Saturday, October 17, 2020

Those Suggesting a Quasi-Market for the Socialist System Have NEVER Wanted to Preserve Stock and Commodity Exchanges, Futures Trading, and Moneylenders as Quasi-Institutions

Nobody has ever suggested that the socialist commonwealth could invite the promoters and speculators to continue their speculations and then deliver their profits to the common chest. Those suggesting a quasi-market for the socialist system have never wanted to preserve the stock and commodity exchanges, the trading in futures, and the bankers and moneylenders as quasi-institutions. One cannot play speculation and investment. The speculators and investors expose their own wealth, their own destiny.

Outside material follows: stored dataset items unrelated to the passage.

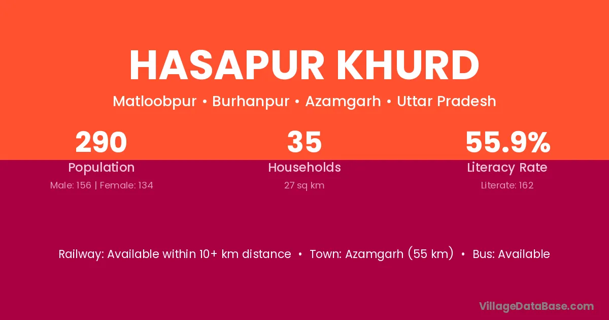 Azamgarh (55 km) is the nearest town to Hasapur Khurd village for major economic activities and is located approximately 55 km away.
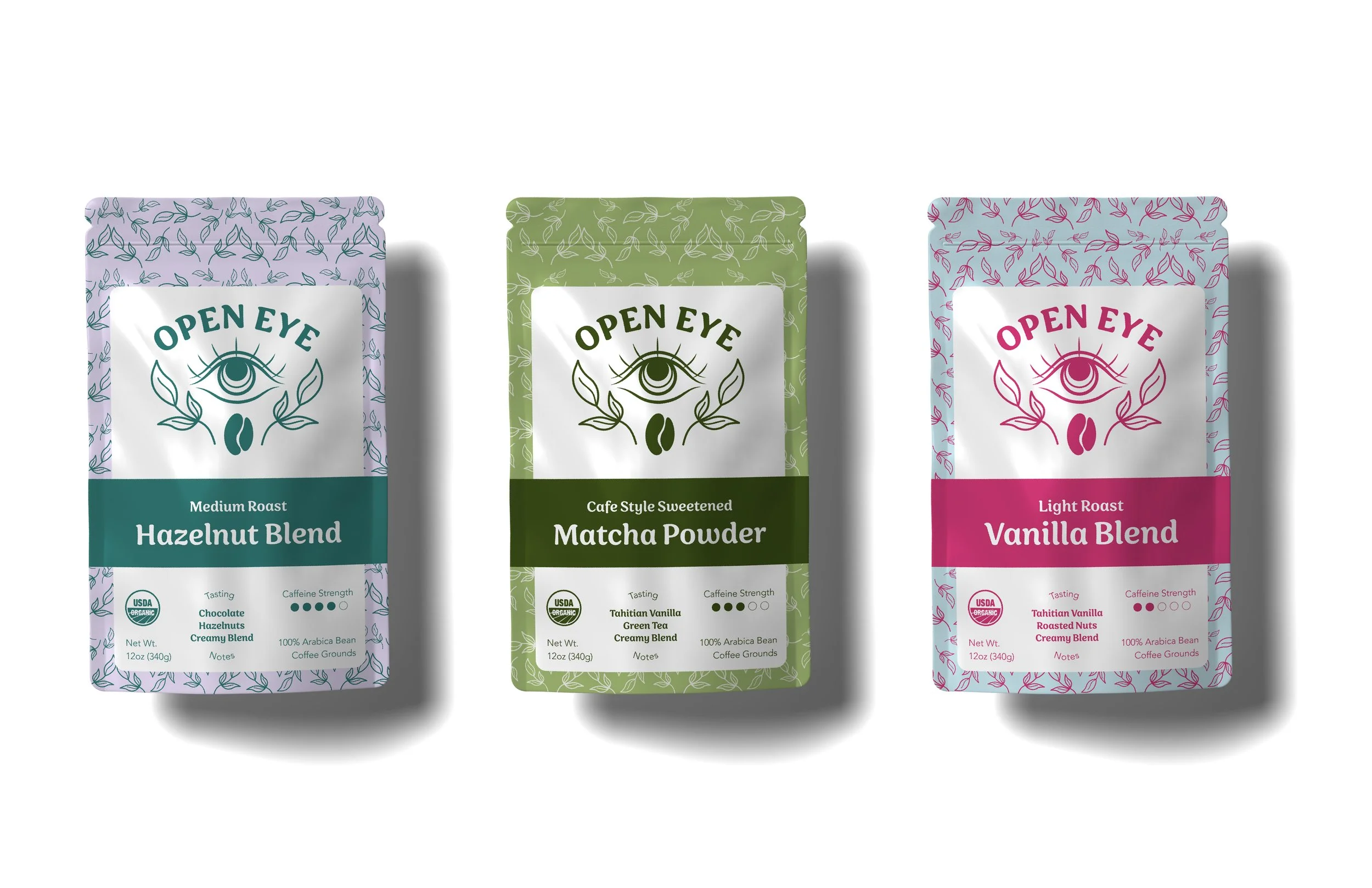 Open Eye is a fictional coffee and tea company offering a combination of classic and totally unique coffee and tea blends that are certified organic. Open Eye is bold, playful, and modern, and they are taking the coffee and tea aisle by storm.
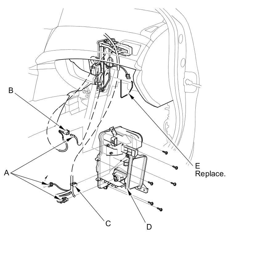 6. Disconnect these connectors (A): The evaporator temperature sensor, the power transistor, and the passenger's air mix control motor (with climate control). Detach the connector clip (B) and the harness clip (C). Remove the self-tapping screws, the expansion valve cover (D), and the seal (E).
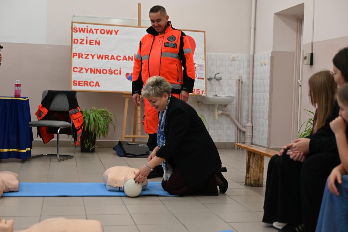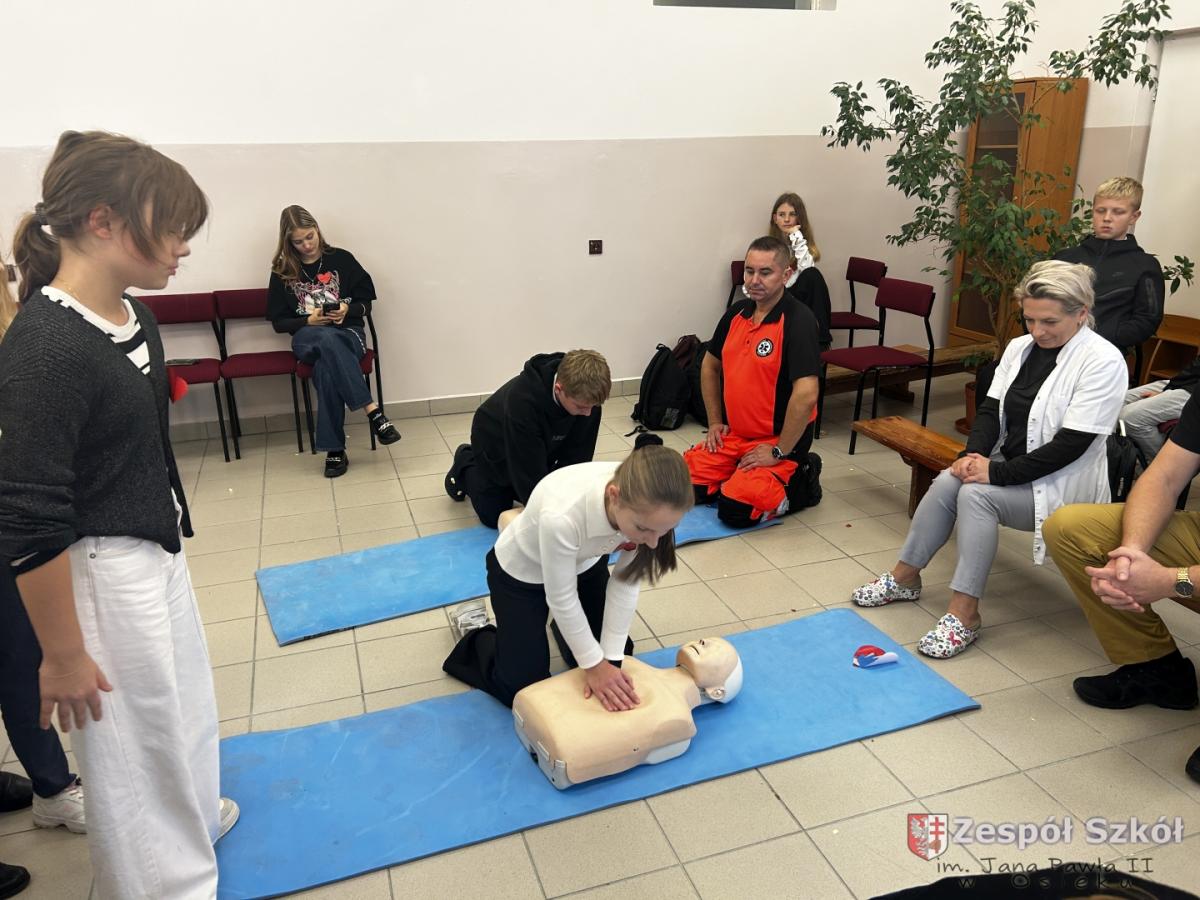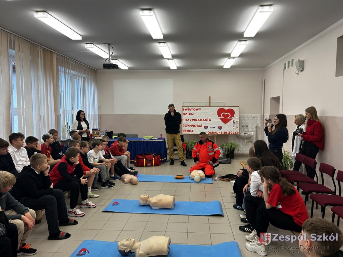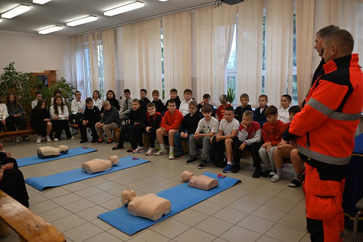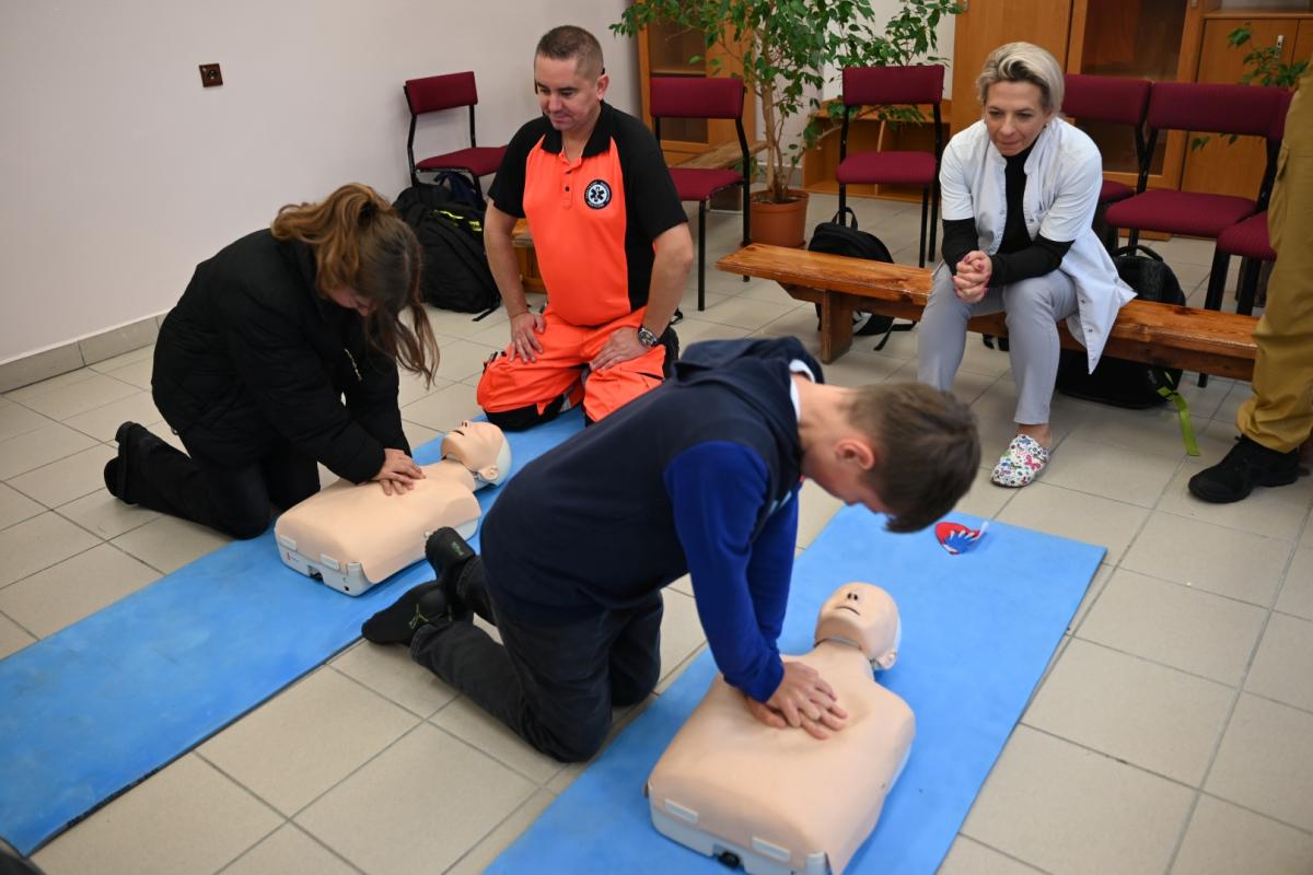 Podczas zajęć uczniowie – zarówno młodsi, jak i starsi – z ogromnym zaangażowaniem ćwiczyli resuscytację krążeniowo-oddechową (RKO) oraz prawidłowe użycie defibrylatora AED. Przypomnieli sobie, jak ważna jest pomoc drugiemu człowiekowi i że od ich reakcji może zależeć czyjeś życie.
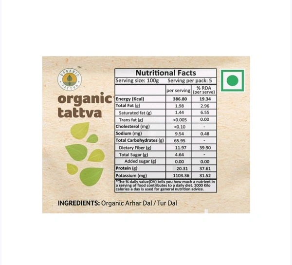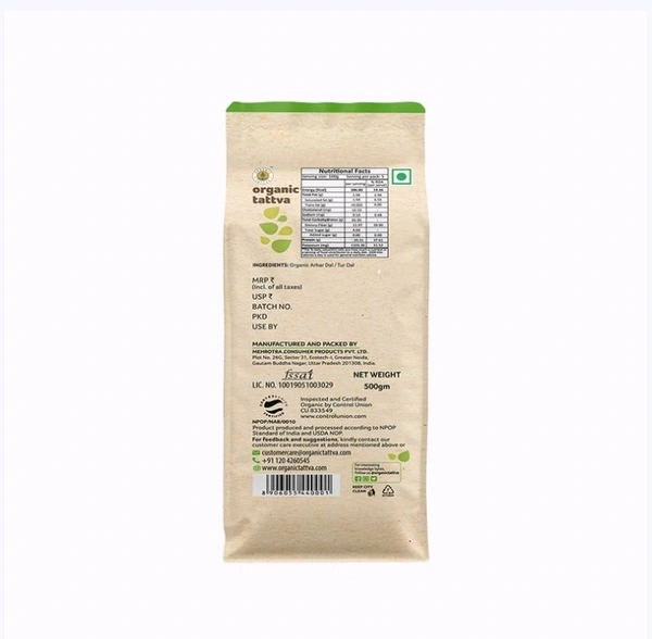 A pulse that is used in daily recipes, Organic Tattva Arhar Dal/Toor Dal is a delicious dal that enhances the flavour of your dishes, it has been processed from the finest-quality pulses, this dal is also rich in dietary fibre that improves digestion and reduces weight gain, use it to make dal or sambar recipes that go well with rotis or rice, rich source of vegetarian protein, is low in saturated fats and is hence very healthy for you.
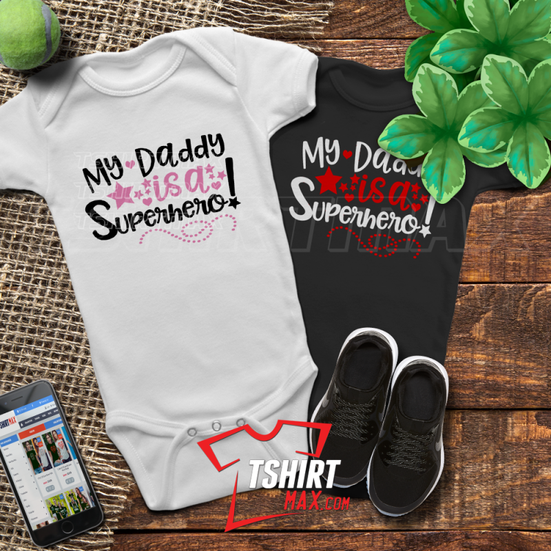 "Dad is my Superheroe" diseño original en Blanco/Negro y Amarillo. Bodysuit Blanca ó Negra 100% Algodón - Tamaños Disponibles: NewBorn, 6 meses, 12 meses, 18 meses, 24 meses, camisitas 2T ó 3T y también puede escoger en tshirts de niños.
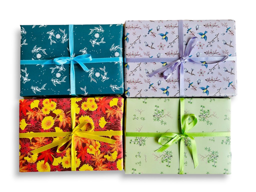 Sada balících papírů s motivy typickými pro roční období v Japonsku
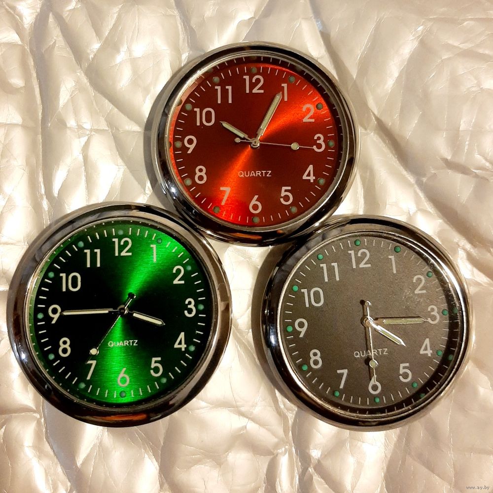 Часы приклеивающиеся, в квартире, d 40мм. Красивые.Синие, черные, серые, зеленые, красные. Есть 6 штук. Стрелки-белые. Ширина-8мм. Двусторонний скотч в комплекте. Люминисцентный циферблат. Удобные в быту, автомобиле. Можно прикрепить в кухне, в комнате, над столом, на стенку, на панель приборов в автомобиль. С батарейкой. Кварцевые. AG4, SSUO377- батарейка. Кнопка настройки времени-с обратной стороны под цифрой 6. 14р/1шт. Могу выслать Европочтой или обычной почтой наложенным платежом.
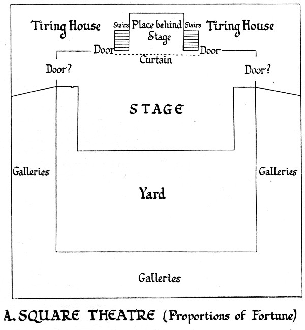 There has been a general abandonment of the hypothesis, which found favour when De Witt’s drawing was first discovered, of a division of the stage into an inner and an outer part by a ‘traverse’ curtain running between the two posts, perhaps supplemented by two other curtains running from the posts back to the tire-house.[230] Certainly I do not wish to revive it. Any such arrangement would be inconsistent with the use of the tire-house doors and gallery in out-of-door scenes; for, on the hypothesis, these were played with the traverse closed. And it would entail a serious interference with the vision of such scenes by spectators sitting far round in the galleries or ‘above the stage’. It does not, of course, follow that no use at all was made of curtains upon the stage. It is true that no hangings of any kind are shown by De Witt. Either there were none visible when he drew the Swan in 1596, or, if they were visible, he failed to draw them; it is impossible to say which. We know that even the Swan was not altogether undraped in 1602, for during the riot which followed the ‘cousening prancke’ of England’s Joy in that year the audience are said to have[79] ‘revenged themselves upon the hangings, curtains, chairs, stooles, walles, and whatsoever came in their way’.[231] It is not, indeed, stated that these hangings and curtains were upon the stage, and possibly, although not very probably, they may have been in the auditorium. Apart, however, from the Swan, there is abundant evidence for the use of some kind of stage hangings in the public theatres of the sixteenth century generally. To the references in dialogue and stage-directions quoted in the footnotes to this chapter may be added the testimony of Florio in 1598, of Ben Jonson in 1601, of Heywood in 1608, and of Flecknoe after the Restoration.[232] We can go further, and point to several passages which attest a well-defined practice, clearly going back to the sixteenth century, of using black hangings for the special purpose of providing an appropriate setting for a tragedy.[233] Where then were these hangings? For a front[80] curtain, on the public stage, as distinct from the Court stage, there is no evidence whatever, and the precautions taken to remove dead bodies in the course of action enable us quite safely to leave it out of account.[234] There may have been hangings of a decorative kind in various places, of course; round the base of the stage, for example, or dependent, as Malone thought, from the heavens. But the only place where we can be sure that there were hangings was what Heywood calls the ‘fore-front’ of the stage, by which it seems clear from Florio that he means the fore-front of the tiring-house, which was at the same time the back wall of the stage. It is, I believe, exclusively to hangings in this region that our stage-directions refer. Their terminology is not quite uniform. ‘Traverse’ I do not find in a sixteenth-century public play.[235] By far the most common term is ‘curtain’, but I do not think that there is any technical difference between ‘curtain’ and the not infrequent ‘arras’ or the unique ‘veil’ of The Death of Robin Hood.[236] ‘Arras’ is the ordinary Elizabethan name for a hanging[81] of tapestry used as a wall decoration, and often projected from a frame so as to leave a narrow space, valuable to eavesdroppers and other persons in need of seclusion, between itself and the wall. The stage arras serves precisely this purpose as a background to interior scenes. Here stand the murderers in King John; here Falstaff goes to sleep in 1 Henry IV; and here too he proposes to ‘ensconce’ himself, in order to avoid being confronted with both his ladyloves together in The Merry Wives.[237]

This fact makes them responsible to the consumers, the ultimate bosses of the capitalist economy. If one relieves them of this responsibility, one deprives them of their very character. They are no longer businessmen, but just a group of men to whom the director has handed over his main task, the supreme direction of the conduct of affairs. Then they—and not the nominal director—become the true directors and have to face the same problem the nominal director could not solve: the problem of calculation.

—Ludwig von Mises, Human Action: A Treatise on Economics, ed. Bettina Bien Greaves (Indianapolis: Liberty Fund, 2007), 3:708-709.